::: RAW DATA

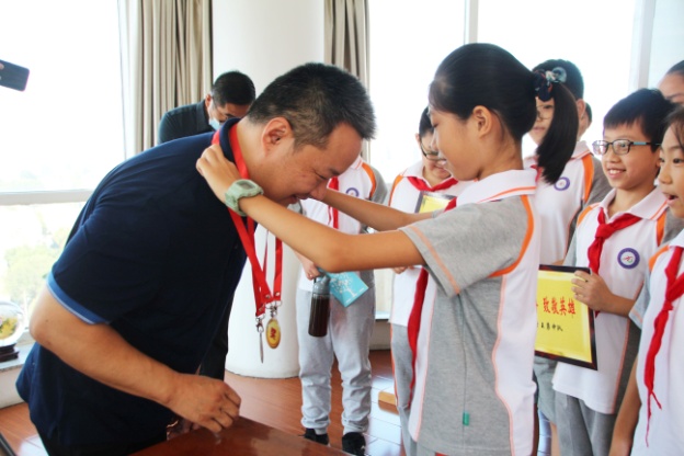 “作为新时代的少年队员,我们要学习您乐观、自强不息、不服输、不认输的精神,不畏困难、积极乐观的人生态度。我们将树立远大梦想,并坚定地用实际行动和努力去实现这个梦想!”在党建活动室,“王勇中队”队员们围绕自己的“梦想”积极与王勇博士进行交流。同时,队员代表亲手为王勇叔叔佩戴了纪念奖牌、纪念奖章,并将大家精心制作的“纪念牌匾”赠送到王勇叔叔手中。
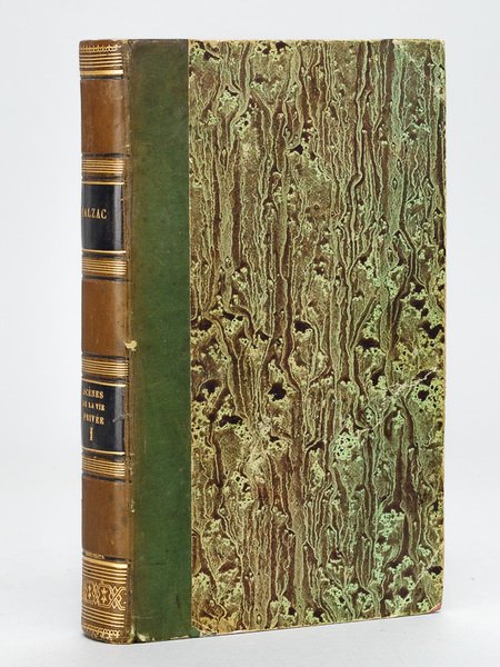 Nouvelle édition, revue et corrigée, 1 vol. in-12 reliure demi-veau vert de l'époque, dos lisse orné de faux nerfs, reliure signée de Kleinhans, Charpentier, Paris, 1839, 2 ff., frontispice, 433 pp. et 1 f. Charmant exemplaire de la première édition au format in-12, revue et corrigée par Balzac, au texte très remanié, dans une reliure attribuable à Kleinhans (un volume en reliure identique, de la même série, est signé par le relieur). relieur parisien ayant exercé de 1815 à 1849, Kleinhans fut l'élève de Niedrée, et eut lui-même pour élève Trautz. Bon exemplaire (tome premier seul)
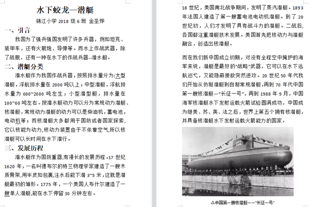 与国防军史相遇,追寻着强国梦。以国防科技为主题,锦小娃们积极查阅资料,遨游于国防军史之中,奋笔撰写小论文,既勤于思考,又勤于实践,知行合一。展示了他们对国防科技的热爱及憧憬。

::::::

_ABOUT THIS EXERCISE_.
Copy everything in the listing above exactly except the pictures.

_RESULT OF THE TASK_.
 “作为新时代的少年队员,我们要学习您乐观、自强不息、不服输、不认输的精神,不畏困难、积极乐观的人生态度。我们将树立远大梦想,并坚定地用实际行动和努力去实现这个梦想!”在党建活动室,“王勇中队”队员们围绕自己的“梦想”积极与王勇博士进行交流。同时,队员代表亲手为王勇叔叔佩戴了纪念奖牌、纪念奖章,并将大家精心制作的“纪念牌匾”赠送到王勇叔叔手中。
 Nouvelle édition, revue et corrigée, 1 vol. in-12 reliure demi-veau vert de l'époque, dos lisse orné de faux nerfs, reliure signée de Kleinhans, Charpentier, Paris, 1839, 2 ff., frontispice, 433 pp. et 1 f. Charmant exemplaire de la première édition au format in-12, revue et corrigée par Balzac, au texte très remanié, dans une reliure attribuable à Kleinhans (un volume en reliure identique, de la même série, est signé par le relieur). relieur parisien ayant exercé de 1815 à 1849, Kleinhans fut l'élève de Niedrée, et eut lui-même pour élève Trautz. Bon exemplaire (tome premier seul)
 与国防军史相遇,追寻着强国梦。以国防科技为主题,锦小娃们积极查阅资料,遨游于国防军史之中,奋笔撰写小论文,既勤于思考,又勤于实践,知行合一。展示了他们对国防科技的热爱及憧憬。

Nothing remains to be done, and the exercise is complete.